There is no doubt that SARS-CoV-2 is a dangerous virus.
The threat of SARS-CoV-2 was grossly exaggerated.
The vast majority of people were partially, or totally immune to it.
In the densest regions and cities, where epidemics are regular and widespread, many seem to have benefitted from a “super immunity” granted by tissue resident immune cells.
Healthy children are not at risk from the virus, nor a threat to adults.
The main potential victims remain people with a dysfunctional immune system
Mucosal vaccines that trigger “super immunity” are likely one way forward: more effective and safer than intramuscular vaccines.
Fighting high viral production in care homes and hospitals should have been – and should be – the cornerstone of the fight against COVID-19 instead of useless vaccine passports and ineffective lockdowns.
You had me up until “asymptomatic transmission”. AT was made up by the authorities to scare the pants off everyone. It’s not a real thing.

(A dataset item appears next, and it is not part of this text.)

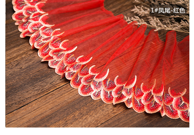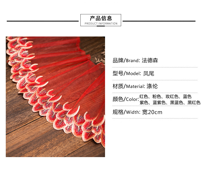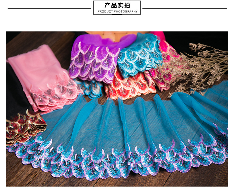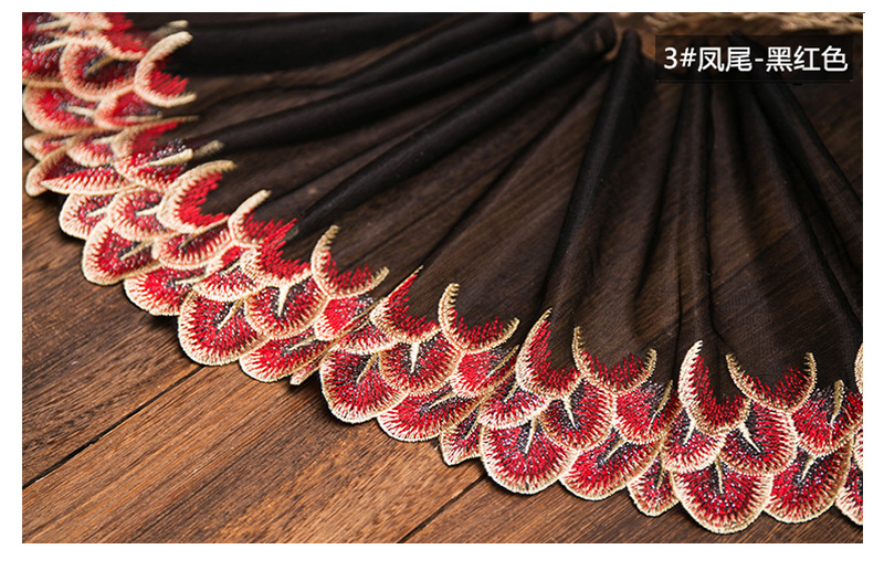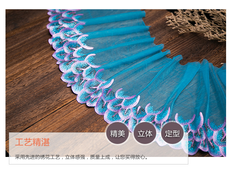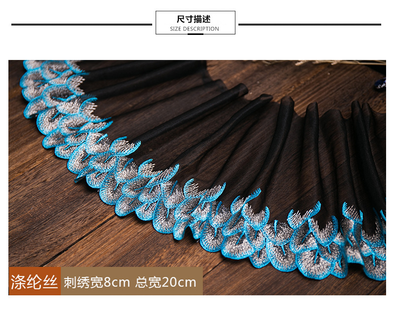 20cm de ancho de red de ancho de color bordado encaje suave plumas de pavo real ropa interior accesorios Barbie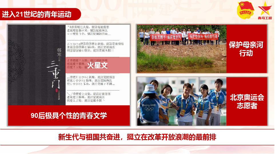 由于时代的发展速度远超观念的更新迭代,求变求新求异的80、90 一代一度被舆论批判为“垮掉一代”。然而在抗洪抢险、抗击非典、抗震救灾等各种急难险重任务之中,青年总是在党和人民需要的时候,冲得出来,顶得上去,承担了时代赋予的重任。用实际行动证明了青年一代有理想、有担当。

Thanks for this synthesis. It is great to have the logical structure so we’ll presented and laid out. It just slays me that from early 2020 there were an impressive number of humans who were skeptical enough of what they were observing to surmise a huge deception was in the works. They couldn’t have known all the details, many hadn’t occurred as yet. But their sense of irony, of the presence of absurdity, of a scheme being used for deception, control and ill gain was strong. At that time I had hundreds of fellow Twitter compatriots from all around the planet who were already standing for what they perceived as the truth. They were correct. The story of these relatively small numbers of skeptics has been swept away in the swirling memory hole of what is currently the internet. Telling the whole story of what is perhaps the biggest hoax ever perpetrated on human kind is urgently important.